▸ **Work item**:
Print every entry below exactly, leaving out the pictures.

Data extracted from a collection:

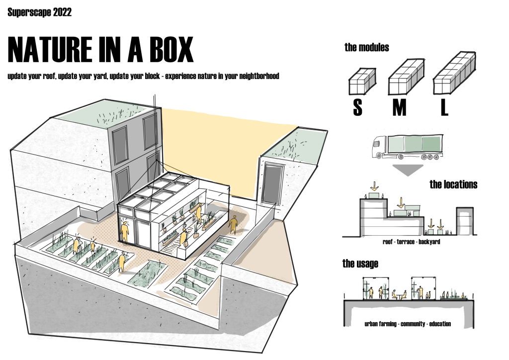 Die Nutzung des Gewächshauses dient in erster Linie der Auseinandersetzung mit Natur und dem Urban Farming. Je nach Größe werden kleine oder große Fläche zur Verfügung gestellt und ermöglichen eine Anpassung auf die örtlichen Interessierten und Flächenreserven. Zusätzlich zur reinen Auseinandersetzung mit der Natur wird das Gewächshaus zu einem Punkt der Gemeinschaft. Sie ermöglicht die Erweiterung durch Dachflächenpflanzen, kann als Umweltbildung von Kindern und Jugendlichen dienen oder als abendlicher Gemeinschaftsort verstanden werden. Das Gewächshaus bleibt somit nicht nur ein einfache Erweiterung, sondern besitzt das Potenzial sich zum Herzen einer Wohneinheit zu entwickeln.
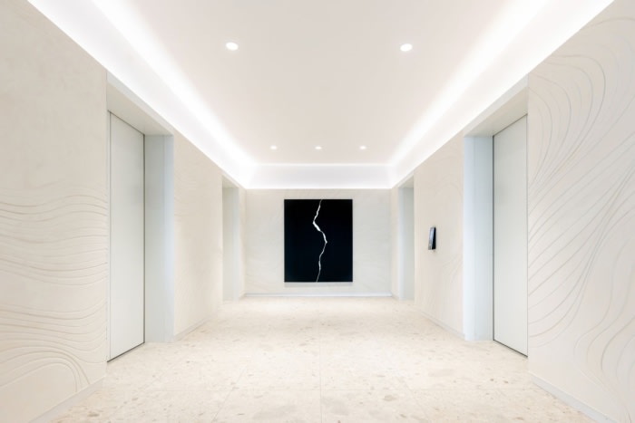 构成空间的非传统材料包括夯土墙和注入沙子的石膏,描绘了世界的地形轮廓。接待区以抽象的手工刮擦石膏墙为特色,而从当地采石场开采的不列颠哥伦比亚省原生木材和花岗岩底座则被用于制作整个空间的所有会议室桌子。#知名办公楼设计装修公司#
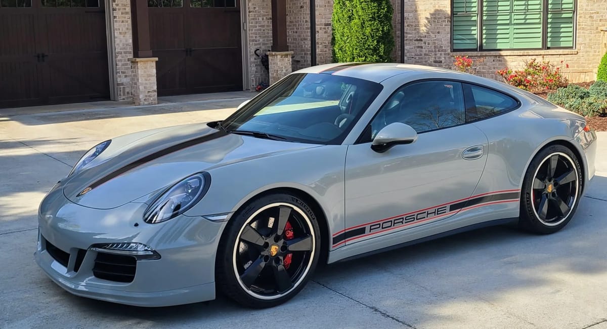 This 2016 911 Carrera GTS Rennsport Reunion Edition came finished in said Fashion Grey over Black leather and Alcantara and showed 2,900 miles. A very clean example, it has seen light use with an oil change in 2023 at 2,200 miles and a replacement battery under current ownership. Fully PPF’d and well documented, the gallery included a DME report along with the original window sticker and service records.
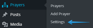 You can manage your ministry's Prayer Cloud settings by navigating to the WordPress Dashboard, hovering over Prayers, and clicking on Settings.
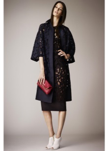To decorate the evening toilet, it is best to choose a coat made of lace or shiny, transparent fabrics of a classic color, for example, black. Such a coat is universally suitable for a dress of any style.
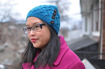 Bathurst is a soft and slightly slouchy hat with a simple and interesting stitch pattern. Yarn over increases create right- angled triangles that are then pleated, creating a cushy and airy double layered fabric. The crown of the hat is worked in simple stockinette with a quickly gathered crown. The main body of the hat is worked flat, with ribbed edges and buttonholes, then joined into the round for the crown.

▸ **Expected output**:
 Die Nutzung des Gewächshauses dient in erster Linie der Auseinandersetzung mit Natur und dem Urban Farming. Je nach Größe werden kleine oder große Fläche zur Verfügung gestellt und ermöglichen eine Anpassung auf die örtlichen Interessierten und Flächenreserven. Zusätzlich zur reinen Auseinandersetzung mit der Natur wird das Gewächshaus zu einem Punkt der Gemeinschaft. Sie ermöglicht die Erweiterung durch Dachflächenpflanzen, kann als Umweltbildung von Kindern und Jugendlichen dienen oder als abendlicher Gemeinschaftsort verstanden werden. Das Gewächshaus bleibt somit nicht nur ein einfache Erweiterung, sondern besitzt das Potenzial sich zum Herzen einer Wohneinheit zu entwickeln.
 构成空间的非传统材料包括夯土墙和注入沙子的石膏,描绘了世界的地形轮廓。接待区以抽象的手工刮擦石膏墙为特色,而从当地采石场开采的不列颠哥伦比亚省原生木材和花岗岩底座则被用于制作整个空间的所有会议室桌子。#知名办公楼设计装修公司#
 This 2016 911 Carrera GTS Rennsport Reunion Edition came finished in said Fashion Grey over Black leather and Alcantara and showed 2,900 miles. A very clean example, it has seen light use with an oil change in 2023 at 2,200 miles and a replacement battery under current ownership. Fully PPF’d and well documented, the gallery included a DME report along with the original window sticker and service records.
 You can manage your ministry's Prayer Cloud settings by navigating to the WordPress Dashboard, hovering over Prayers, and clicking on Settings.
To decorate the evening toilet, it is best to choose a coat made of lace or shiny, transparent fabrics of a classic color, for example, black. Such a coat is universally suitable for a dress of any style.
 Bathurst is a soft and slightly slouchy hat with a simple and interesting stitch pattern. Yarn over increases create right- angled triangles that are then pleated, creating a cushy and airy double layered fabric. The crown of the hat is worked in simple stockinette with a quickly gathered crown. The main body of the hat is worked flat, with ribbed edges and buttonholes, then joined into the round for the crown.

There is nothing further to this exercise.